§ YOUR TASK
Every picture is to be removed, and all the data is to be copied exactly.

§ INPUT DATA
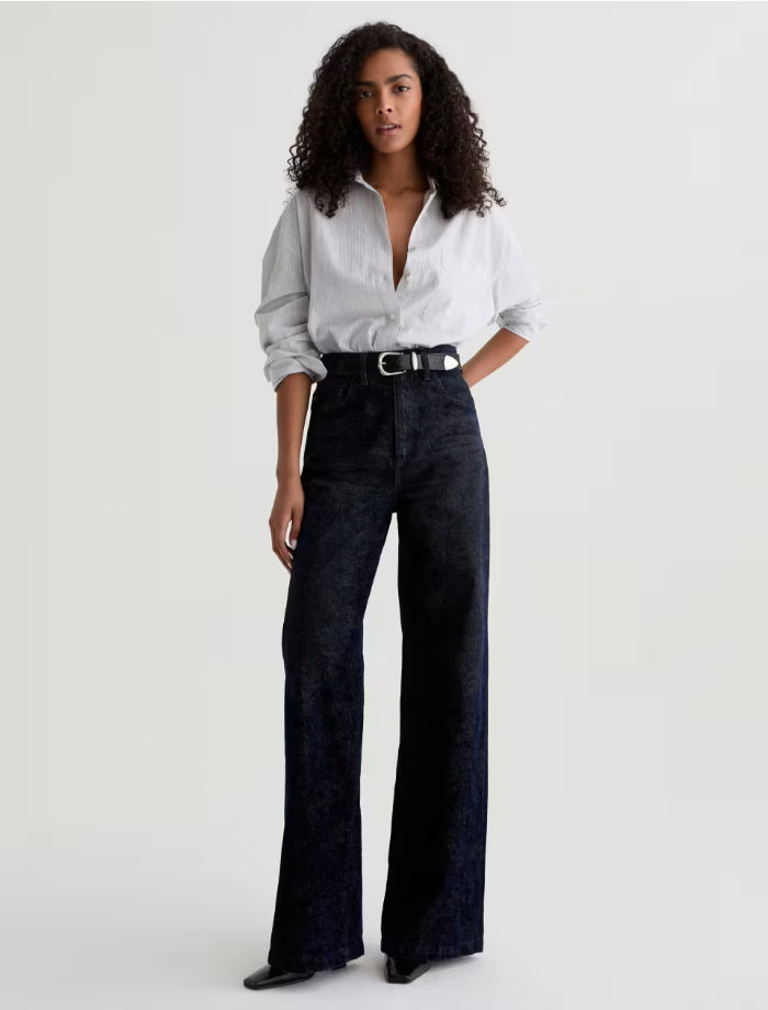 Adriano Goldschmied Jeans Deven high-rise ultra wide-leg jean made from a classic non-stretch flocked denim for an elevated feel.
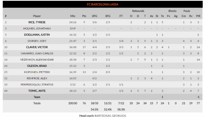 ΤΙ ΠΕΤΑΝΕ: Η ΤΣΣΚΑ το ποσοστό στα δίποντα (37.5% έναντι 54.5%) και τα ριμπάουντ (22-34). Η Μπαρτσελόνα την ήττα, τα λάθη (24-14) και τις βολές (7/12-23/29).
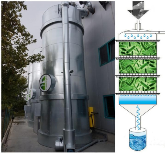 Very broadly, Kasperczyk et al. described the use of Compact Trickle Bed Bioreactors to purify gases from VOCs and odors of various origins. Contaminated gases supplied to the reactor, which are the main source of carbon for bacteria, are absorbed into the liquid phase, and then diffuse into the bacterial biofilm inhabiting the reactor bed. In bacterial biofilm as a result of the metabolic activity of microorganisms, they are transformed into simple products such as water and carbon dioxide [20]. Nutrients needed by microorganisms for proper development are delivered in the form of a solution of mineral salts along with the liquid recirculated in the reactor, which constantly moistens the surface of the bed. An important advantage is the ability to control the conditions in the reactor, such as maintaining the appropriate pH, the composition of mineral salts, which ensure good conditions for the development of microorganisms, and temperature. Moreover, Compact Trickle Bed Bioreactors do not generate additional waste in the form of secondary pollutants, and are also a relatively inexpensive technology, which is conditioned by their operation at ambient temperature and atmospheric pressure [53]. Figure 5 shows a full-scale industrial Compact Trickle Bed Bioreactors.

§ PROBLEM SOLUTION
 Adriano Goldschmied Jeans Deven high-rise ultra wide-leg jean made from a classic non-stretch flocked denim for an elevated feel.
 ΤΙ ΠΕΤΑΝΕ: Η ΤΣΣΚΑ το ποσοστό στα δίποντα (37.5% έναντι 54.5%) και τα ριμπάουντ (22-34). Η Μπαρτσελόνα την ήττα, τα λάθη (24-14) και τις βολές (7/12-23/29).
 Very broadly, Kasperczyk et al. described the use of Compact Trickle Bed Bioreactors to purify gases from VOCs and odors of various origins. Contaminated gases supplied to the reactor, which are the main source of carbon for bacteria, are absorbed into the liquid phase, and then diffuse into the bacterial biofilm inhabiting the reactor bed. In bacterial biofilm as a result of the metabolic activity of microorganisms, they are transformed into simple products such as water and carbon dioxide [20]. Nutrients needed by microorganisms for proper development are delivered in the form of a solution of mineral salts along with the liquid recirculated in the reactor, which constantly moistens the surface of the bed. An important advantage is the ability to control the conditions in the reactor, such as maintaining the appropriate pH, the composition of mineral salts, which ensure good conditions for the development of microorganisms, and temperature. Moreover, Compact Trickle Bed Bioreactors do not generate additional waste in the form of secondary pollutants, and are also a relatively inexpensive technology, which is conditioned by their operation at ambient temperature and atmospheric pressure [53]. Figure 5 shows a full-scale industrial Compact Trickle Bed Bioreactors.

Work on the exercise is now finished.